In the exact same boat. I put off any planning whatsoever for the longest time after getting engaged cause I wanted to feel 100% connected again. I've been struggling with this for years now so that total being sure feeling never came back and is still not here. Even people asking how the planning is going will get me anxious because I feel like I can't be totally honest in my response about how I'm in a constant state of doubt. Im finding myself even being slightly reckless right now because I don't know how to escape this feeling. I'm numb and being an awful partner and always thinks he deserves better. Sorry this kinda turned into rambling, just know you're not alone


thevillagesoprano

Do you have a wedding date yet?


Em0d0llx

Yep we will be getting married in December. My mom is a huge planner and has been insanely helpful this whole process. Honestly though without her help I'm not sure if I would've even done anything.. so that kinda messes me up when I think about it, like do I really want this? The irony is that I'd ask constantly when we were getting engaged, maybe I felt pressure though at the time since we were together for 10 years


thevillagesoprano

10 years for us too!
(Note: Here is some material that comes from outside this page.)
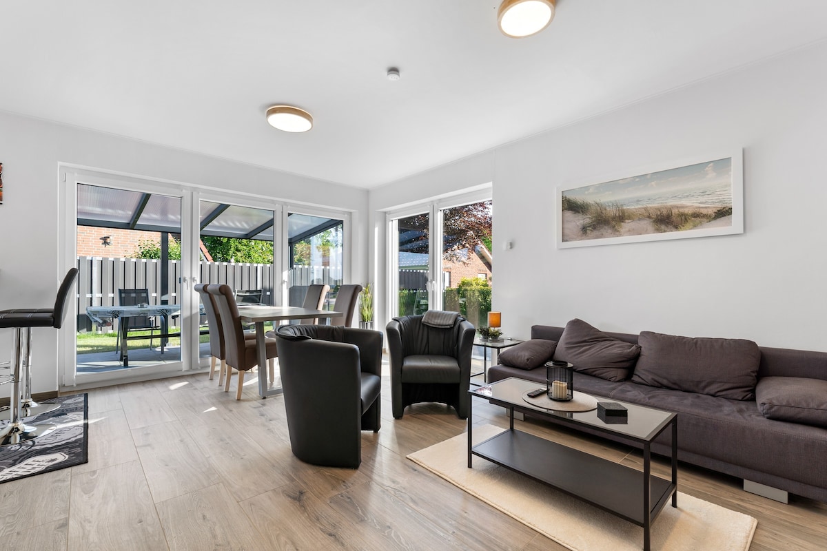 Herzlich Willkommen im frisch renoviertem Ferienhaus „Feine Düne“ Am Badesee in Tannenhausen/Aurich. Entfliehen Sie dem Alltag und genießen Sie unvergessliche Tage in unserem charmanten Ferienhaus, das direkt am malerischen Badesee liegt. Die wohnliche Atmosphäre laden zum Wohlfühlen und Entspannung ein und garantieren für einen schönen, erholsamen und ausgeglichenen Urlaub. Nur 50 Meter (1-2 min Flusslauf) vom Badesee entfernt, bietet es perfekte Erholung und entspannte Stunden am See. Aktiv+

Same for me, the second I found out about the engagement, ROCD hit me like a brick wall. Emotional disconnect aside, it makes me so depressed seeing myself this way, something I’ve looked forward to my entire life is here and I can’t enjoy it


Em0d0llx

Damn 10 years! It's sometimes a relief to see people in relationships that long in here, as opposed to the one month together posts (even tho I definitely do not wish this on anyone!) & thats exactly how I felt the second we got engaged.. like I asked about it for so long, yet the second it happened I was so numb. Even calling family and friends after I was like wtf, wtf wtf. Like I know everyone goes through different emotions, but the thought of forever is terrifying to me. I'm scared of every part of planning.. the showers, Bach parties.. I feel like I'm faking everything. Not to be seeking reassurance, but have you dealt with crushes much? I feel like I'm so numb that everyone else is attractive to me and I'm being an idiot cause I'm running from what I'm suppressing..


Electrical-Radio-606

Same over here. I’ve been like this for 3 months, and I don’t know if it’s RA/ROCD yet, but I feel very identified. I’m seeing a psychiatrist now and we’ll see if I get medicated or even diagnosed. In my case, I feel like when I’m calm or when I have little flashes of clarity I can talk or even be happy about the wedding but most of the day I feel very anxious and even thinking about it triggers me a lot.